Когда и на утро третьего стоящие на кухне наполненные кормом миски оказались нетронутыми, а стоявший в туалете, пахнувший свежей древесиной лоток - девственно чист, не на шутку разволновавшийся пенсионер решил, что пора отправляться за помощью.
*****
Жившие в квартире напротив заядлые собачники Филатовы действовать предложили сразу и радикально, на ходу одевая тапочки и пристегивая к ошейнику плотоядно смотрящего в сторону Петровича здоровенного черного кобеля поводок.
Еле успевший скрыться за собственной входной дверью Петрович еще долго вглядывался в мутный, расположенный прямо над дверным замком глазок, прежде чем собрался с духом для очередной вылазки.
В арсенале живущих этажом выше Ивановых была швабра.
Семеновы из тридцать седьмой предложили выманивать кота на живую, продающуюся в зоомагазине за углом мышь…

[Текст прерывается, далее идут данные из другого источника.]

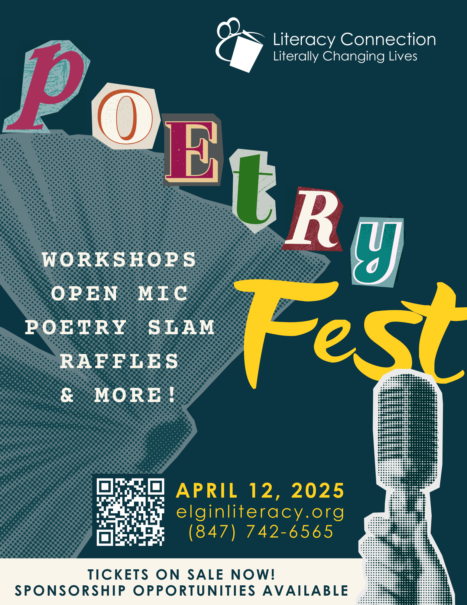 Join The Literacy Connection for our first-ever Poetry and Literacy Festival! This daylong event in Elgin, IL will feature workshop learning and guest speakers, as well as an open mic and Poetry Slam. All are invited to be a part of this celebration of National Poetry Month while raising important funds for our adult literacy work in the community. Tickets: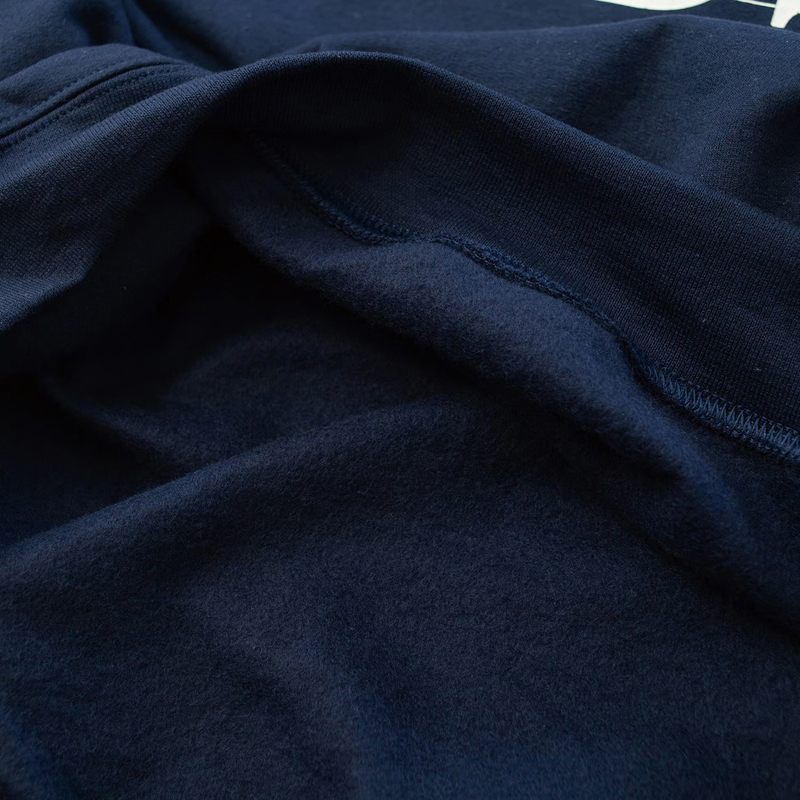 プリントはひび割れ加工で古着のような風合いに仕上げ、ややくすんだオフホワイトのインクでヴィンテージ感を演出していて、ボディにはコットン・ポリエステル50/50の軽く暖かい素材を使用。

Двухметровому, бородатому, с тесаком в руках детине, открывшему дверь в квартиру миловидной старушки Гермахиной, Петрович на всякий случай про кота говорить не стал. Поинтересовался не разносили ли случаем с утра пенсию, и дождавшись отрицательного мотания головой, поблагодарив аж целых два раза, быстро посеменил на свой этаж.

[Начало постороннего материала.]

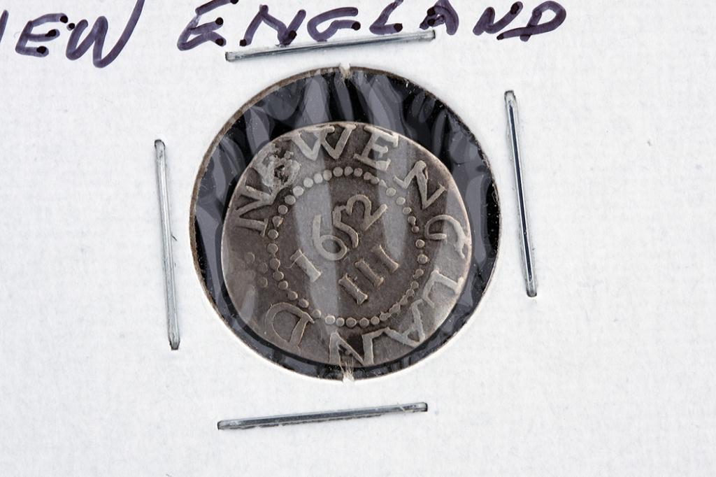 Very Rare 1652 Pine Tree 3 Pence Coin Marked "New England"Marked "New England"

Зайдя в квартиру, огляделся, убедившись, что лысый гость по-прежнему не покинул облюбованное им под диванном убежище, тяжело вздохнул и вновь выйдя в подъезд, направился в последнюю, находящуюся на пятом этаже квартиру…
*****
Степанида Иннокентьевна, женщина шестидесяти трех лет, в родном дворе слыла особой нелюдимой. Что, впрочем, её, вдову бывшего командира полка, интересовало мало.

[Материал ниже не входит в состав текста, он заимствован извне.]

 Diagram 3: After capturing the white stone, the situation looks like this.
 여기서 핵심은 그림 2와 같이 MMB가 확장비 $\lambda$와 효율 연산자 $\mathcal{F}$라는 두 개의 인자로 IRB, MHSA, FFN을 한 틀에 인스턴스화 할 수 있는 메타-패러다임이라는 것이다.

В заседаниях дворовых сплетниц Степанида, привыкшая при муже держать марку, отродясь не учувствовала. Соседям с нижнего этажа жизнь грохотом не портила, внимания к себе лишнего не привлекала.
Так, кивала из вежливости встречающимся на пути жильцам родной пятиэтажки, а кто из них кто есть - никогда особо не интересовалась.
После смерти мужа жизнь вела затворническую. Если и выходила, то когда совсем продукты или что иное заканчивалось. Хотя пенсию получала хорошую, да и за мужа покойного доплаты ежемесячно шли.
Единственная радость женщины - сын, давно жил за границей. Матери, конечно, позванивал, да и к себе ни раз приглашал. Только куда она, Степанида, поедет? Здесь у нее и квартира - угол свой, могилка Сережина, за которой кроме нее и ухаживать некому. Да и ставшее почти родным за последний год одиночество…
Степанида об этом своем одиночестве как раз и думала, в окно на кухне безразлично смотря, когда звонок дверной, чудом не заржавевший от ненадобности за эти годы, зазвонил.
Застывший на пороге сосед, кажется вдовец со второго или третьего этажа (Степанида точно не помнила) неуверенно переминался, глядя на нее, с ноги на ногу. И как-то уж больно просительно заглядывал в ее широко раскрытые, удивленные глаза.
*****
На голос присевшей на принесённую Петровичем подушку возле дивана женщины лысый, перемазавшийся в пыли кот вышел на восемнадцатой минуте. Боднул протянутую соседкой ладонь, промяукал чего-то на своем - пожаловался. И бросив обиженный взгляд на наблюдающего за этой картиной восхищенного Петровича, нагло качнул хвостом.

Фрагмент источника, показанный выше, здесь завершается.